Launched for the first time in 2012, Peloton has become a popular option in recent years for those who want to train at home.
Prices range from $ 2,107 (£ 1,550) for the Peloton Bike to $ 3,119 (£ 2,295) for the Peloton Bike +.
This month, it was revealed that Peloton was cutting 2,800 jobs in a desperate attempt to cut costs and revive the troubled exercise company.
It is alleged that the company’s bosses decided to cover up the rust in an attempt to avoid costly seizures before sending them to customers. (Stock image)
Some Peloton employees reportedly learned that they were among the 20 percent of global staff who were fired when they found that their access to the company’s Slack channel was shut down earlier this month.
In a note, former CEO and co-founder John Foley said the fired employees would receive 12 months of free fitness classes as part of their compensation packages, according to the New York Post.
Although the benefit packages will also include extended health benefits and other undisclosed benefits, the inclusion of the free class has been repulsed by some employees.
Who is the new CEO of Peloton Barry McCarthy
McCarthy, 69, has experience as CFO of Spotify and Netflix
Barry McCarthy will have a big job as soon as he enters Peloton’s offices, but insiders say he may be the man to overturn the shelling company.
The new CEO, 69, was CFO at Spotify for several years and was the architect of the technology company’s innovative direct registration in 2018, before retiring a year later.
Direct listing, which McCarthy pioneered, means the company goes public without selling new shares to allow the market to set a price for itself on the first day of training.
This move is considered revolutionary on Wall Street and is seen as a more democratic and transparent listing, even if it makes things difficult for investors.

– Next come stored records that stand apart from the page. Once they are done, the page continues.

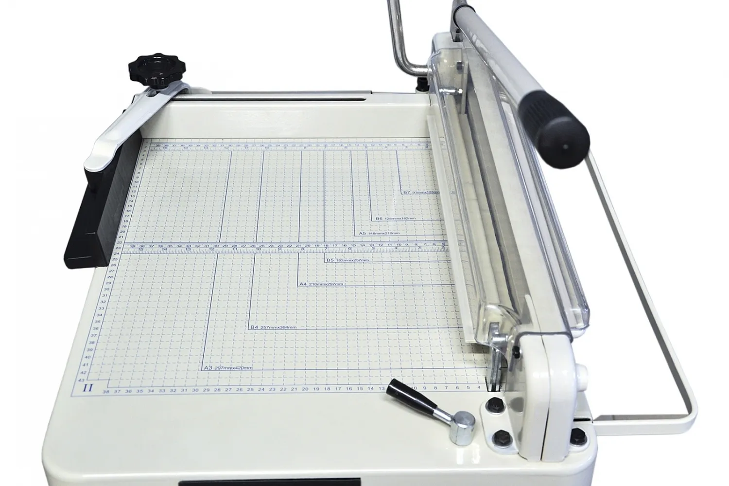 Настольный резак гильотиного типа YG-868A3 с цельным металлическим корпусом и длиной реза до 430 мм (формат А3) – оптимальное решение для типографий и предпринимателей. YG-868A3 используется для резки различных бумажных бланков, визиток и фотобумаги. Отличное соотношение цена/качество. Оснащен ножом с высоколегированной вставкой для точного и быстрого реза. Зажим стопы производится с помощью специальной ручки - быстродействующего прижима, что позволяет сделать качественный рез стопы бумаги до 35 мм высотой. Для удобства, на рабочий стол нанесена разметка форматов.
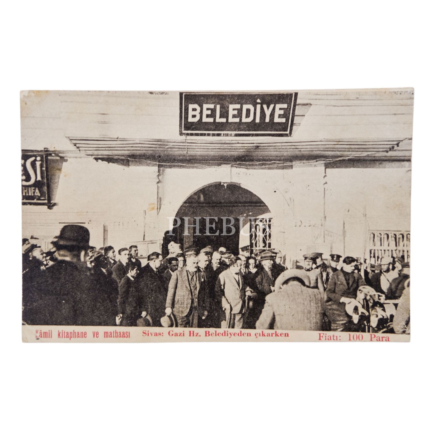 Mustafa Kemal Atatürk´ün Sivas ziyareti sırasında, maiyetiyle birlikte belediye binasından ayrılırken çekilmiş bir fotoğrafı, 20 Kasım 1930, 14x9 cm...
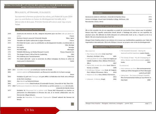 Le modèle bis (bis comme la couleur bise) est illustré par celui de Wangari Muta Maathai, prix Nobel de la paix 2004, biologiste, vétérinaire et écologiste.
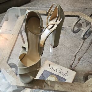 Chic Kate Spade Leather Platform olive heels with a glossy finish, size 6.5. Features a stylish ankle strap. Perfect for elevating any outfit. PLEASE note pic of small imperfection on right toe strap. Overall Excellent condition, measurements in pics, smoke free home, ships next day. Over 2,500 Poshmark Sales. Bundle and Save!
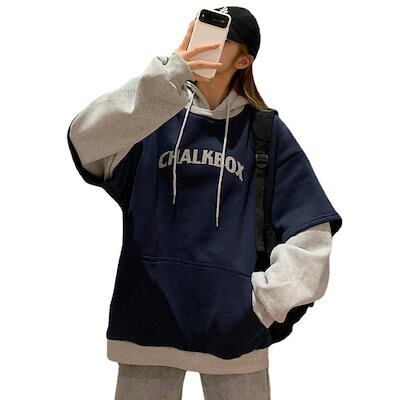 秋服 新作 パーカー スウェット 色切り替え フェイクレイヤード コントラストカラー カーディガン アウター ジャケット ゆったり レディース トップス 通勤 体型カバー
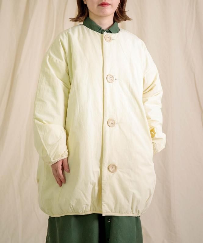 ゆとりのあるサイズ感なので、中にスウェットなどを着込んでも表に響かず着れそうです。裾にかけてのボリューム感と襟元はノーカラーでスッキリとしているメリハリのあるデザインでデイリーにも使いやすい癒し系アウターです。
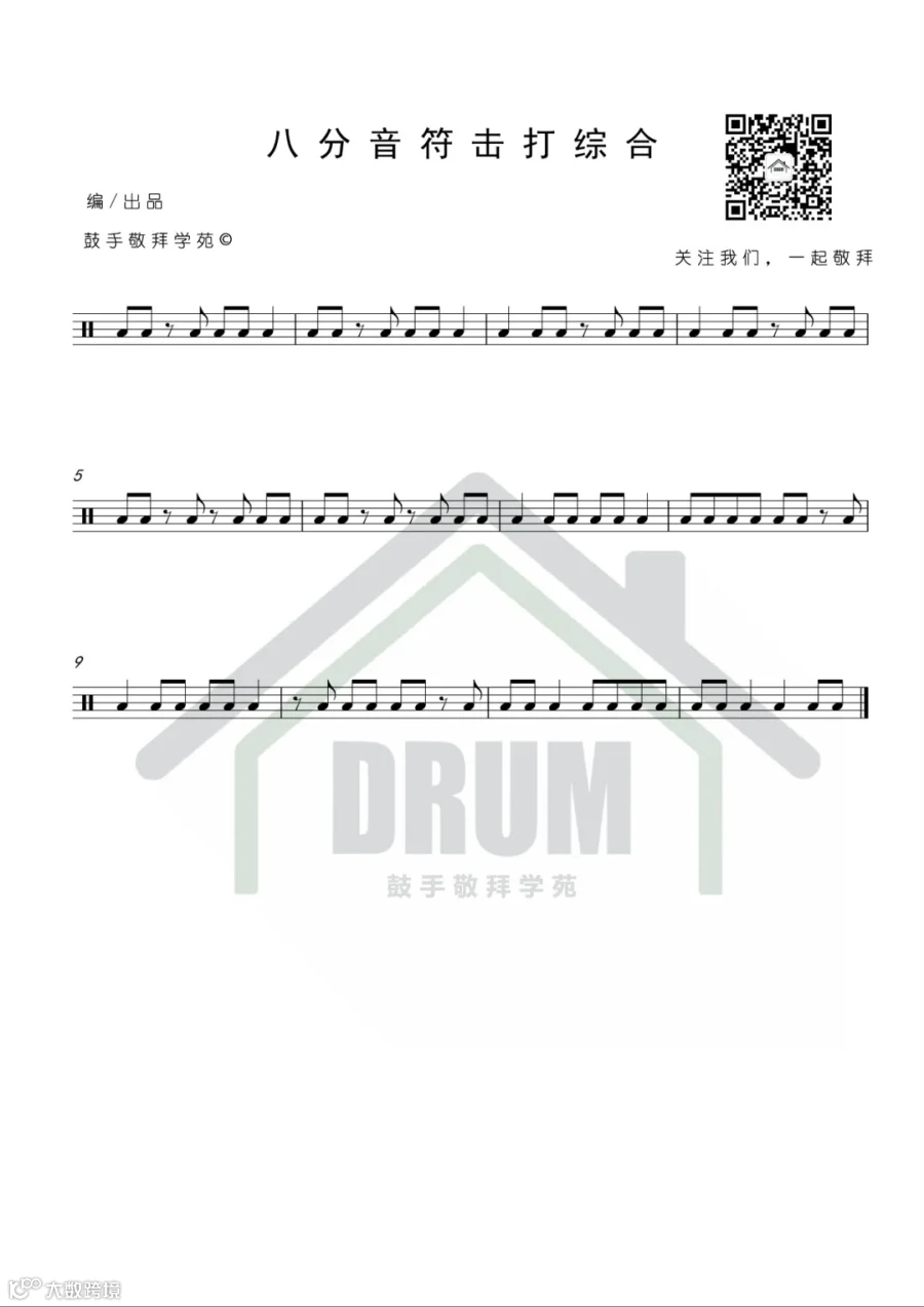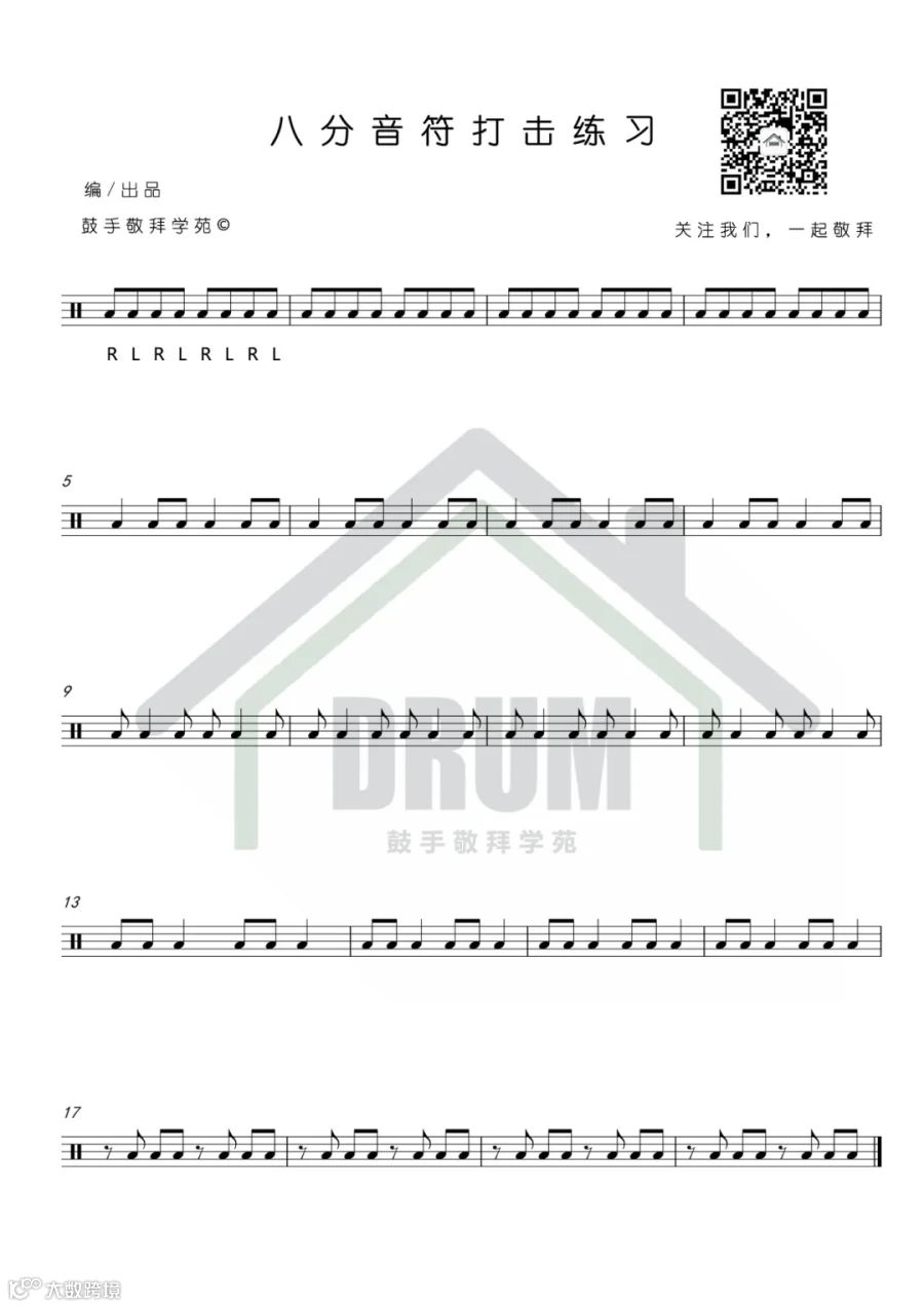 本期主要练习八分音符中不同的组合,和第一期一样,嘴里要数拍子(1234),手臂不可动,以手腕来发力,左脚的后跟要跟着踩(1234),并且每一声的强弱都要均匀,具体示范请点开视频,一起来学习吧
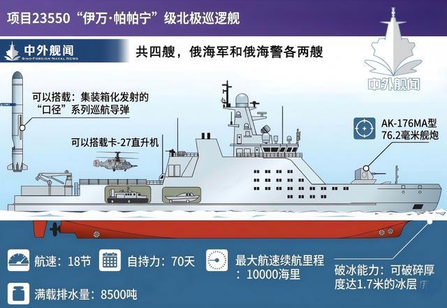 23550型极地破冰查察舰是俄罗斯有益为北极常态化军事存在量身定制的新一代武装破冰平台。该舰长114米,宽18米,吃水约6米,满载排水量达到8500吨至9000吨操纵,因想象先进、成就平衡,兵器鼓胀,被俄媒称为“北极海上霸主”。
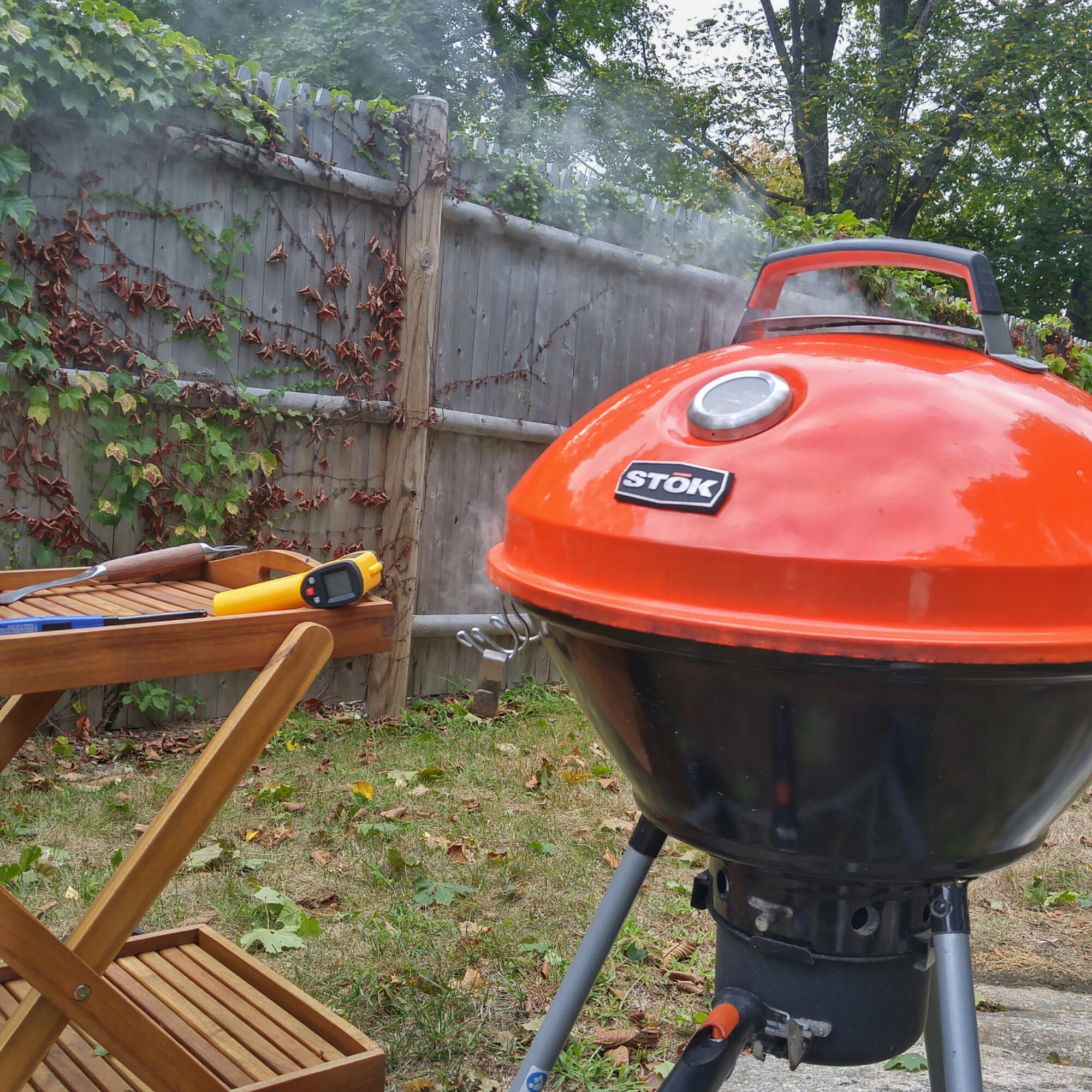 The STOK Drum is chugging along holding at 225 with the top and bottom vents about half way closed.
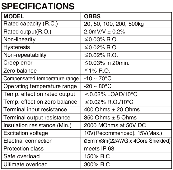 bongshin OBBS-20kg稱重傳感器量程:

McCarthy was also CFO of Netflix and has been a board member of startup Instacart for a year.
A source told Yahoo Finance that McCarthy has extensive knowledge of subscription-based models such as Peloton.
The company expects to spend about $ 130 million in cash on compensation packages as part of the restructuring, as well as $ 80 million in non-monetary costs.
The cuts are aimed only at corporate staff and will not affect Peloton’s fitness instructors, some of whom have become quasi-celebrities with many followers.
The job loss came when Foley, the company’s co-founder who has run the company for nearly a decade, stepped down as chief executive this month to become chief executive.
Barry McCarthy, former CFO of Spotify and Netflix, will now take the helm as Peloton’s new CEO.
Outgoing CEO Foley has angered anger investor Blackwells Capital in recent months as the company struggled to maintain the staggering growth that led to its $ 52 billion estimate in early 2021. Since then, shares have fallen nearly 80 percent.
The investment firm called for its removal and even called for the company to be sold.
Jason Intaby, Blackwells’ chief investment officer, accused Foley of “repeated failures,” including hiring his wife as vice president of apparel.
“Foley has proven that he is not suitable to lead Peloton, whether as CEO or CEO, and he should not elect directors as he seems to have done (Tuesday),” Intabi said.
This month, Peloton cut its year-over-year revenue expectations after reporting a larger-than-expected quarterly loss.
“They came out this morning with lower directions, the CEO is leaving, but obviously there is still potential that we can make a deal … That’s why [the stock] it’s not going to be such a hit, “said Dennis Dick, head of market structure, a trader at Bright Trading LLC.
Peloton will halt the development of its planned plant in Ohio, where it was planned to invest about $ 400 million and create more than 2,000 jobs over the next few years.
Overall, the company said its restructuring changes would save it about $ 800 million a year in reduced costs.
In January, Peloton said it had seen a “significant drop” in demand for products that had once retailed for at least $ 1,900 and that it planned to halt bicycle production in February and March, according to a leaked confidential presentation seen by CNBC.